What is expected
Print the listing in its entirety and exactly, leaving out images.

Source data
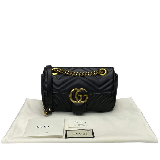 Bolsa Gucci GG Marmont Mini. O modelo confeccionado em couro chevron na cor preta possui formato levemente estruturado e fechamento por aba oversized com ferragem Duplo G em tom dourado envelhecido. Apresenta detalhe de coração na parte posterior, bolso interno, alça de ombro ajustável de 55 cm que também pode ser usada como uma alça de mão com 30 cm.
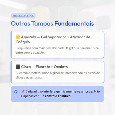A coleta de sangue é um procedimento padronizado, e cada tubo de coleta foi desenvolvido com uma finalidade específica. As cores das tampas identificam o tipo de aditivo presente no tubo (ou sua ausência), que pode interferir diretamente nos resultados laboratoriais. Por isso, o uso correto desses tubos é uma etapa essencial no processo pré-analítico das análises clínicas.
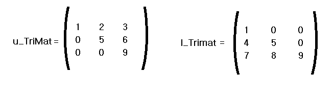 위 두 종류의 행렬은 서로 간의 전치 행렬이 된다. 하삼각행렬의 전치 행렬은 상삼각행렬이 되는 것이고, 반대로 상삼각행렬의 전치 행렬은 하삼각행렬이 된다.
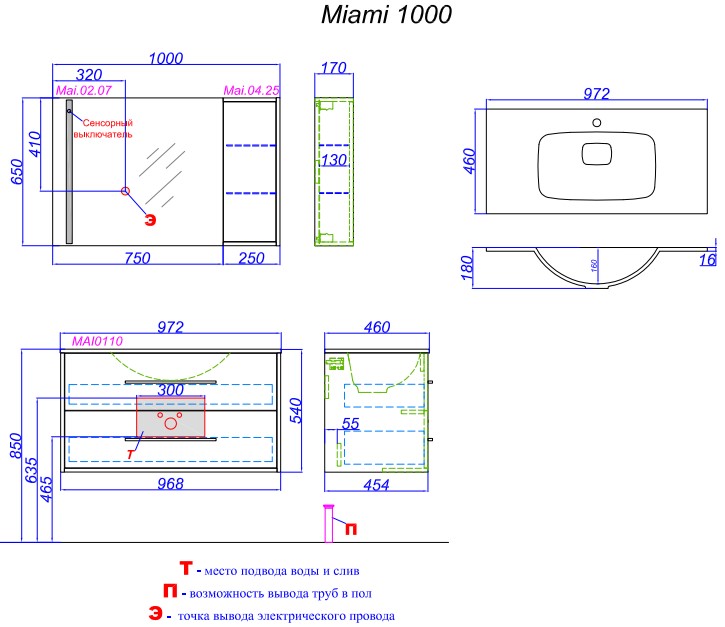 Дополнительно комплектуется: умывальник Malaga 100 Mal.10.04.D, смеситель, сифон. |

Response box
 Bolsa Gucci GG Marmont Mini. O modelo confeccionado em couro chevron na cor preta possui formato levemente estruturado e fechamento por aba oversized com ferragem Duplo G em tom dourado envelhecido. Apresenta detalhe de coração na parte posterior, bolso interno, alça de ombro ajustável de 55 cm que também pode ser usada como uma alça de mão com 30 cm.
A coleta de sangue é um procedimento padronizado, e cada tubo de coleta foi desenvolvido com uma finalidade específica. As cores das tampas identificam o tipo de aditivo presente no tubo (ou sua ausência), que pode interferir diretamente nos resultados laboratoriais. Por isso, o uso correto desses tubos é uma etapa essencial no processo pré-analítico das análises clínicas.
 위 두 종류의 행렬은 서로 간의 전치 행렬이 된다. 하삼각행렬의 전치 행렬은 상삼각행렬이 되는 것이고, 반대로 상삼각행렬의 전치 행렬은 하삼각행렬이 된다.
 Дополнительно комплектуется: умывальник Malaga 100 Mal.10.04.D, смеситель, сифон. |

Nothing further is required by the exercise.